About

in. site is a transdisciplinary and participatory symposium, interfacing Fine Arts with socio-cultural and environmental sustainability at Concordia University.

connective | socio-cultural | environmental | actionable | accessible | approachable | multi-media | built environment | human/non-human relational

The symposium includes an art exhibition, hands-on workshops, presentations, a panel discussion, and a sustainability fair that explore social, cultural, and environmental sustainability in the context of artistic practice in the Concordia Fine Arts community. This event is an opportunity for cross-disciplinary knowledge-sharing and community-building between students, faculty, technicians, administration, and alumni, and provides a great introduction for students looking to make sustainability part of their personal practice and university experience. The broader goal of the symposium is to bring attention and discussion to existing sustainability initiatives at Concordia and to create space for questioning designed to challenge how we can diversify and develop these practices in the future. Although this is a Fine Arts oriented event, anyone from the Concordia community is encouraged to attend and participate, as sustainability is an issue that touches every discipline, and this event can only benefit from a diversity of perspectives.

the team

professor pk langshaw

faculty in.site director 
pk langshaw professor &chair
dept . design &computation arts
pk.langshaw@concordia.ca

Professor pk langshaw, Department of Design and Computation Arts, Faculty of Fine Arts at Concordia University strives to facilitate fluid models of knowledge acquisition in design education. langshaw re.searches a poetic/political language for designing, feminist and interventionist as socio.cultural.environmental en.vision.ing. interested all things verse : diverse, reverse, inversion, transversal, and reversible, the hybrid works are mediated by traditional and digital mediums to in.form garment making, poems, bookworks, and performative events. langshaw has been instrumental in driving socio.cultural.environmental sustainability in the design&computation arts programs, faculty of fine arts, and university wide. her research/creation is intrinsically interconnected and relational to teaching and service.

For a description of her full works, consult her presentation brief here

lead coordinator, Claire Lecker

Claire holds a BA in Communications from Concordia, and has returned to the university to complete a BFA in Design, pursuing her interest in the creation of objects and the built environment.

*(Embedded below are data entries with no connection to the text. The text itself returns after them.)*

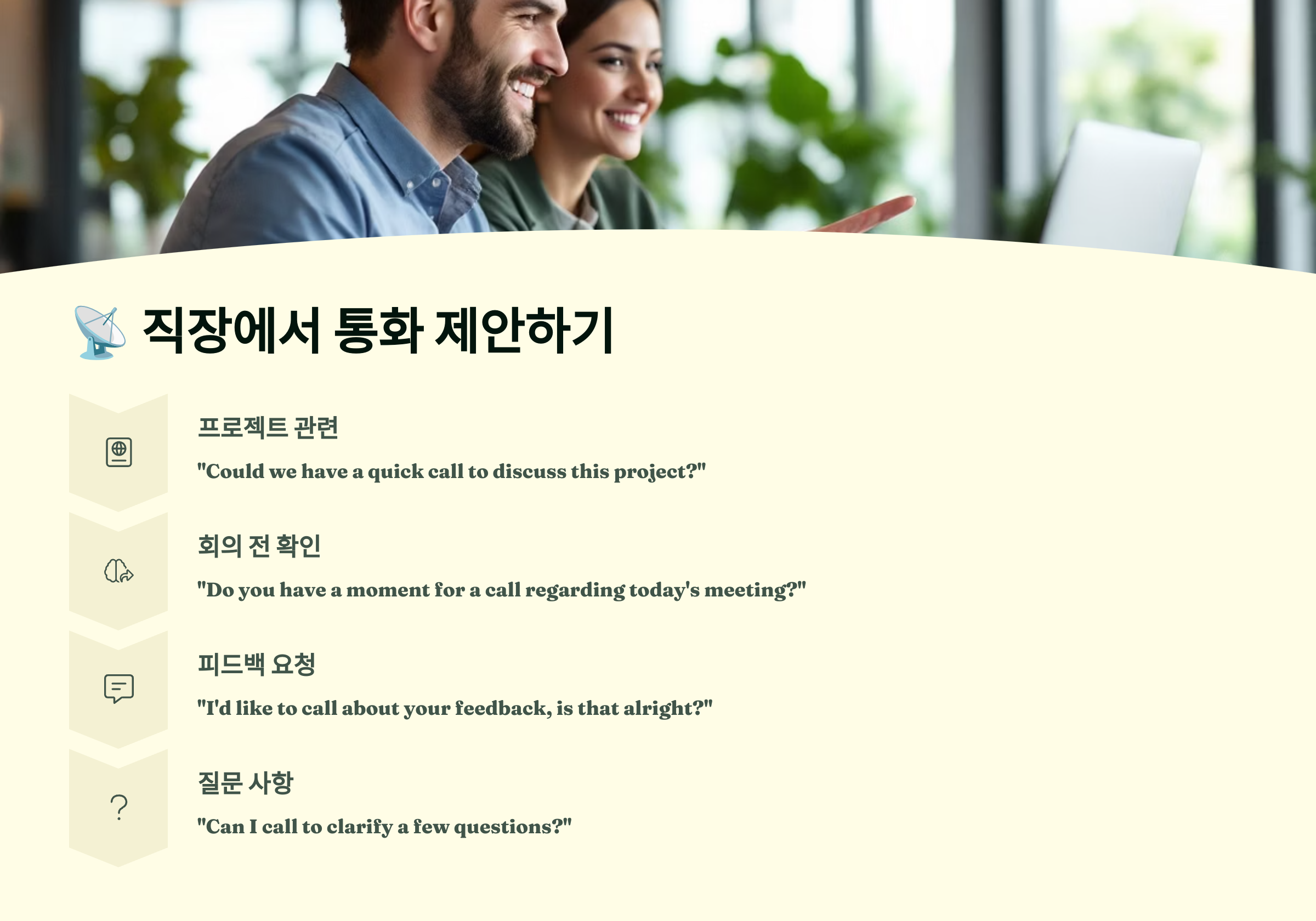 이제 직장에서 동료나 상사에게 자연스럽게 통화 요청하는 표현을 알아볼게요! 📡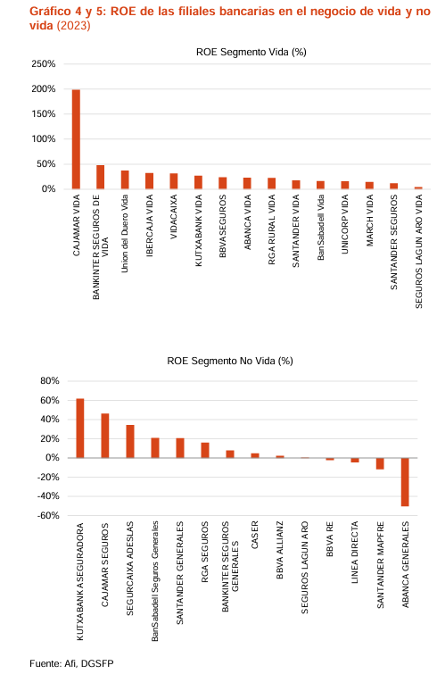 Este hecho ha provocado que el ROE promedio de las filiales aseguradoras de los bancos alcanzaron el 21,1% en 2023 amparado por "unos niveles de capital de las filiales bancarias, en general más ajustados que el resto de las entidades". Incluso para las compañías que operan en Vida se dispara al 25,1%, mientras que las de No Vida ofrecen un ROE del 13,2%.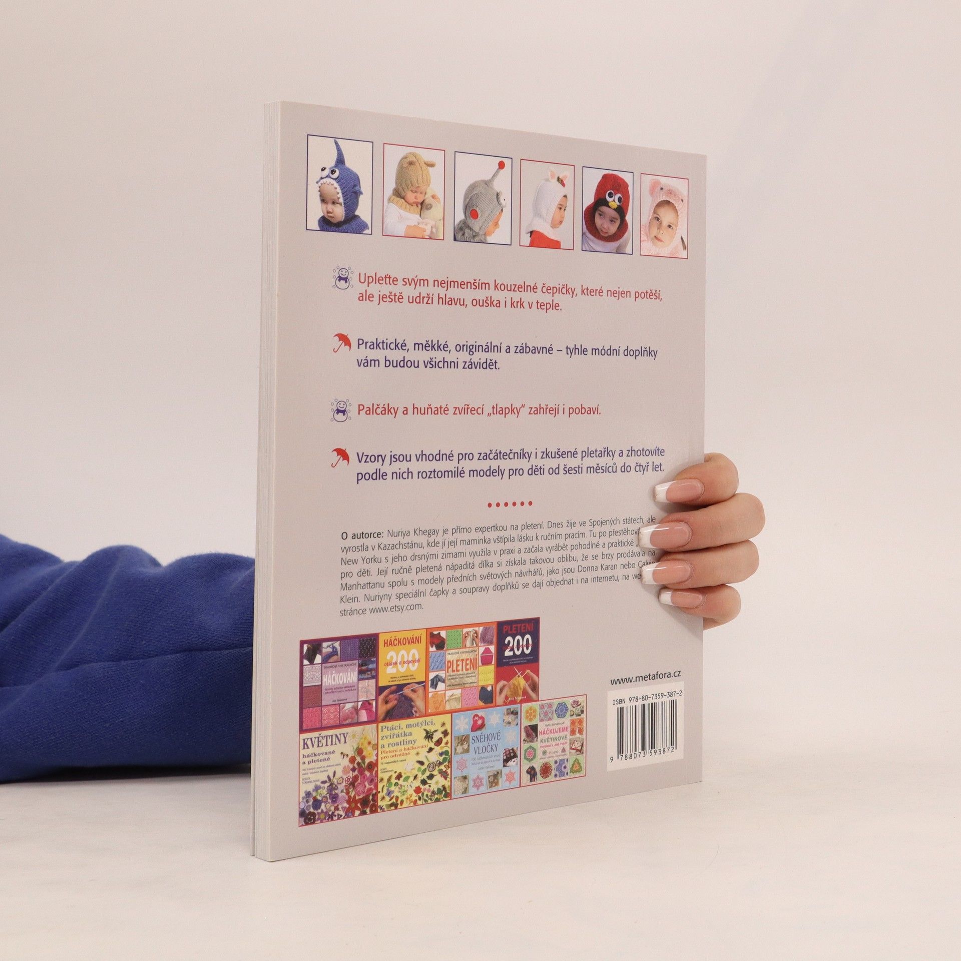 20 pletených dětských doplňků na motivy zvířátek… Nestačí vám nabídka obchodů pro děti a rádi byste jim pořídili něco netradičního a nápaditého, co nikdo jiný mít nebude? Upleťte svým nejmenším kouzelné čepičky, které nejen potěší, ale ještě udrží hlavu, ouška i krk v teple. Jsou praktické, měkké, originální a zábavné – tyhle módní doplňky vám budou všichni závidět. Palčáky a huňaté zvířecí „tlapky“, ke kterým vám tahle knížka také přinese inspiraci, zahřejí i pobaví. Vzory jsou vhodné pro začátečníky i zkušené pletařky a zhotovíte podle nich roztomilé modely pro děti do šesti měsíců do čtyř let.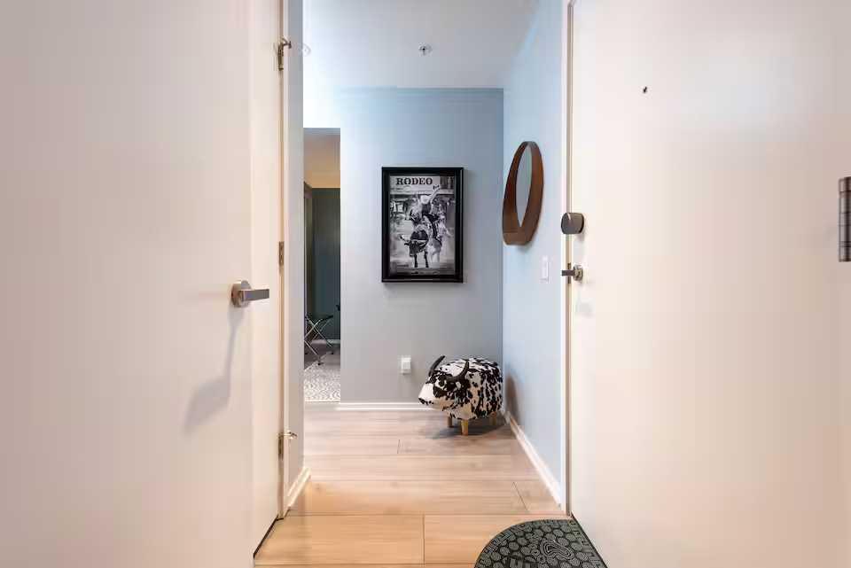 Welcome to an exceptional opportunity to own a turn-key, fully furnished downtown condo offering the perfect blend of style and functionality. Ideally situated in the heart of Calgary, this beautifully appointed residence places you just steps from vibrant dining, shopping, transit, and the city’s most sought-after amenities, delivering an unbeatable urban lifestyle. Thoughtfully designed with both comfort and versatility in mind, the open-concept layout is complemented by contemporary finishes and an abundance of natural light. The unit comes fully outfitted with all furniture and furnishings, making it completely move-in ready. A standout feature is the multi-functional den equipped with a built-in Murphy bed, effortlessly transforming the space into an additional sleeping area—perfect for maximizing both livability and flexibility. The well-appointed kitchen flows seamlessly into the living and dining areas, creating an inviting space for entertaining or relaxing after a day in the city. Additional highlights include a brand new in-suite washer and dryer, adding everyday convenience and value, along with access to sought-after building amenities (varies by building, such as fitness or pool where applicable). This is a rare opportunity to own a fully equipped, professionally curated condo in a prime downtown location.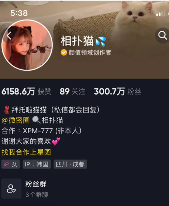 相扑猫是一位在抖音平台上活跃的自媒体创作者,以其颜值为主要创作内容,截至2024年4月10日,她在抖音上的粉丝数达到了382.6万人,发布了181个作品,获得了9313.3万次的点赞。她在微密圈中也有活动,分享了多期内容,包括照片和视频,这些内容通常带有她个人的风格和创意。

She is particularly interested in the potential of design in sociocultural and environmental sustainability and social innovation. In her design work she takes a playful approach, searching for a balance between pleasantly unpredictable outcomes and reproducibility.

Coordinator, Elisabeth Bureau

As a BFA design student at Concordia University, Elisabeth’s work revolves around 3D creation through objects, textiles, and physical and digital spaces. She nourishes an interest for narrative installations and immersive scenography. The relationship between humans and their environment is a recurrent theme throughout her practice. Along with her fellow teammates, she was awarded the Collaborative Research Creation Award at FLUX 2022 for the Design + Disappear project. While still trying to find her voice as a designer, she considers sustainability in all its aspects as an essential starting point for the development of futur creative practices.

Coordinator, Sarah Hontoy-Major

As a current computation arts undergraduate student, Sarah works to intertwine her knowledge from past degrees in fashion design and international politics into technological artistic approaches. Her main focus reside in computational physics mixed with real-life materials and practices, as well as the use of data as an artistic and social medium, to convey ideas and critics of the future of digital and social sustainability. She was awarded the Inclusivity Award at the FLUX 2022 for her Femme digital sculpture art piece.

Coordinator, Patrizio McLelland

As well as being a Research Assistant with IDEAS-BE (Integrated Design Ecology and Sustainability for the Built Environment) since 2020, Patrizio is currently working towards a BFA in Design. A passionate artist, musician, and learner, he is striving to find interconnection between sustainability, and our shared spaces of civic life. He received the People’s Choice award at Citéstudio’s Voila! showcase and was awarded, as part of a team, the Collaborative Research Creation Award at FLUX 2022. His work has also been on display at the Visiones Sonoras music & technology festival, in Morelia, Mexico.